Wednesday 9 April 2014

Goodpack

OCBC on 2 Apr 2014

We draw investors’ attention back to fundamentals as speculation about possible share offer for Goodpack wanes. Since our last BUY call in Feb-14, the share price has gained 15%. We keep our fair value estimate of S$2.17 intact and downgrade to a HOLD. We acknowledge that Goodpack continues to hold compelling value propositions: its global presence and ~20% cost savings over alternatives. There are also barriers to entry from IBC design patent, stickiness of existing clients, and large capex spending. We believe Goodpack is among the top choices for any new synthetic rubber (SR) plant, as exemplified by Goodpack being the supplier for Singapore’s new SR plants, including the latest Sumitomo Chemical plant opened in Mar-14. Further catalysts for rerating could be 1) current trial-stage auto parts manufacturers switching over fully to IBCs before 2QFY15 as assumed in our base case, and 2) another upside risk is higher-than-expected demand from rubber industry.

Return to fundamentals as speculation eases
Goodpack recently announced that it has been approached by parties in connection with a possible transaction and discussions are on-going. Brambles, which also offers intermediate bulk containers (IBC) leasing among other packaging solutions, subsequently said it has approached Goodpack previously but it is not currently in talks. Instead of betting on whether there will be further upside through share offer, we prefer to draw investors’ attention back to fundamentals.

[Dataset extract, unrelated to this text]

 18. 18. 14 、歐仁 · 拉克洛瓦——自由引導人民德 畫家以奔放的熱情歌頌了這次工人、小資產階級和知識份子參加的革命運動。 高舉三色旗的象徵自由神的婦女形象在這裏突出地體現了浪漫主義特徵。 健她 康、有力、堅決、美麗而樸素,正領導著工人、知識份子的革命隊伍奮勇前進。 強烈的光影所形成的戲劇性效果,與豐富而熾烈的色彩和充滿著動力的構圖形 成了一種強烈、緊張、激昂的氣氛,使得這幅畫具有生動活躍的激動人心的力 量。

Competitive advantages and upside risks remain
Goodpack’s most compelling value propositions to its clients are its global presence and unique IBCs that yields ~20% cost savings over alternatives. On the other hand, there are barriers to entry in the forms of: 1) IBC design patent with 15 years remaining, 2) stickiness of existing clients, and 3) large capex spending of ~US$900m to match Goodpack’s current fleet size. Hence, we believe Goodpack’s business model is still sound and will continue to grow. We believe Goodpack is among the top choices for any new SR plant given its ~30% market share and track record. For instance, Goodpack has the supplier for new SR plants in Singapore, including the latest Sumitomo Chemical plant opened in Mar-14. We think a major upside surprise is current trial-stage auto parts manufacturers switching over fully to IBCs before 2QFY15 as assumed. We note that this is the third year of engaging auto parts clients, a relatively mature stage of the sales process. We re-iterate that accelerated growth in auto parts segment would follow due to the network effect whereby others adjacent to clients in the supply chain will switch over to minimise logistics handling system. Another upside surprise is higher-than-expected demand from rubber industry, from either existing accounts or new synthetic rubber (SR) plants. 

HOLD after 15% return
The share price has gained 15% since our BUY call on 5 Feb-14, briefly hitting an all-time high of S$2.28. We continue to like the company but are keeping our S$2.17 fair value estimate. Hence, we deem Goodpack fairly priced and change our call to a HOLD.